16. The process of claim 9 further comprising the step of treating each of the proximal intravenous zone, medial intracardiac zone and distal tip zone with at least one of the surface modifications.
17. A process for modifying an outer surface of a medical electrical lead having a proximal intravenous zone, a medial intracardiac zone and a distal tip zone, the process comprising:
coating at least a portion of the intravenous zone with a first polymeric coating including a glyme;
contacting at least a portion of the intracardiac zone with the first polymeric material, silazane, fluorocarbon or a combination; and
coating at least a portion of the tip zone with a second polymeric coating including a NiPAM polymer.
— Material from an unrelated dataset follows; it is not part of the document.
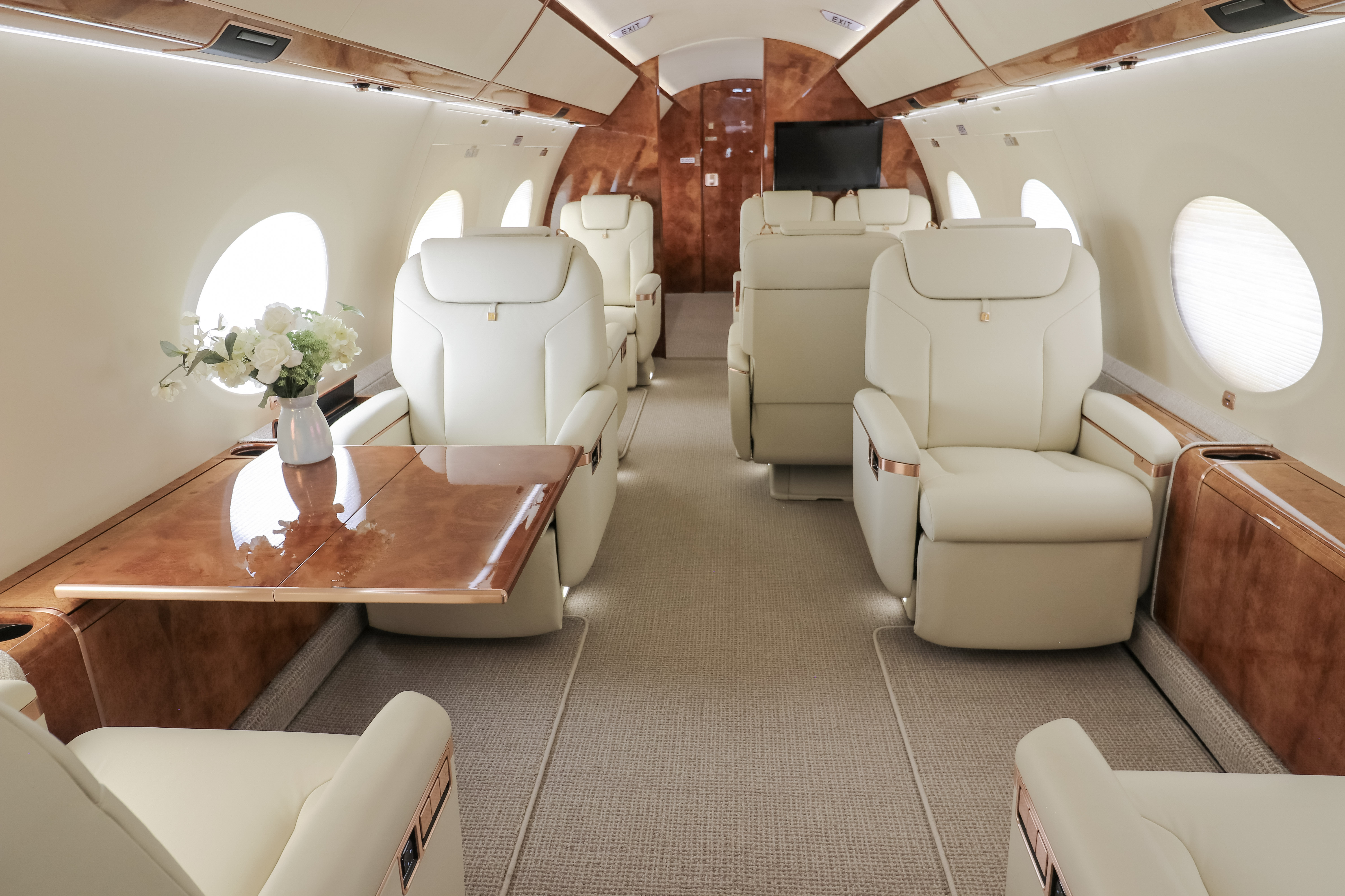 To complement the warmth of the wood, the design focused on a transitional style that seamlessly blends traditional and modern elements, creating a serene environment ideal for long flights. The seats were reimagined with lighter neutral leather and delicate detailing, giving them a fresh, contemporary presence. Contrasting pulls and rose-gold replated accents add refinement and tie in with the existing hardware. The divan was upholstered in a rich, heathered wool to create a grounding focal point at the rear of the cabin. The lower sidewalls were finished in a textured fabric that blends seamlessly with the carpet and adds depth to the overall design.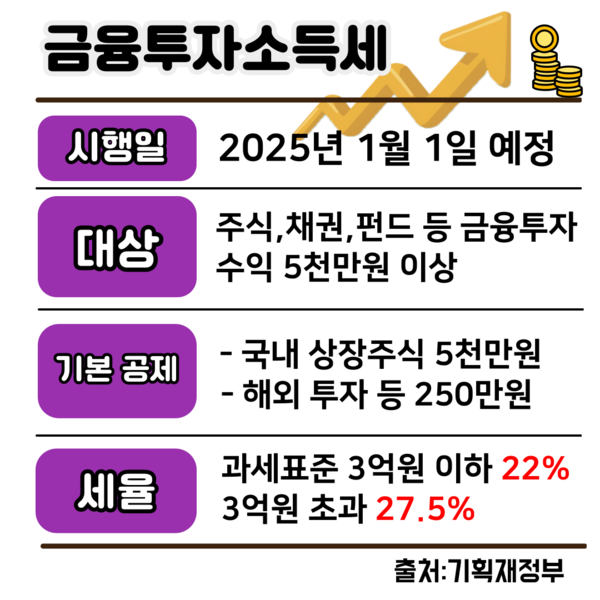 금투세는 소득세의 일종으로 주식·채권·펀드 등 금융투자 수익이 5천만원 초과 시 세금을 부과한다.

18. The process of claim 17 wherein the first polymeric coating comprises a tetraglyme.
19. The process of claim 17 wherein the contacting step comprises contacting the intracardiac zone with hexamethyldisilazane.
20. The process of claim 17 wherein the contacting step comprises contacting the intracardiac zone with CF4, C2F6 or C3F8.
21. The process of claim 17 wherein the second polymeric coating comprises a copolymer of NiPAM and hydroxyethyl methacrylate, ethylene glycol, polyvinyl pyrrolidone, cell adhesive biomolecules or a combination of the foregoing.
22. The process of claim 17 further comprising the step of modifying at least a portion of a pocket zone proximal to the intravenous zone with at least one of the coating or contacting steps.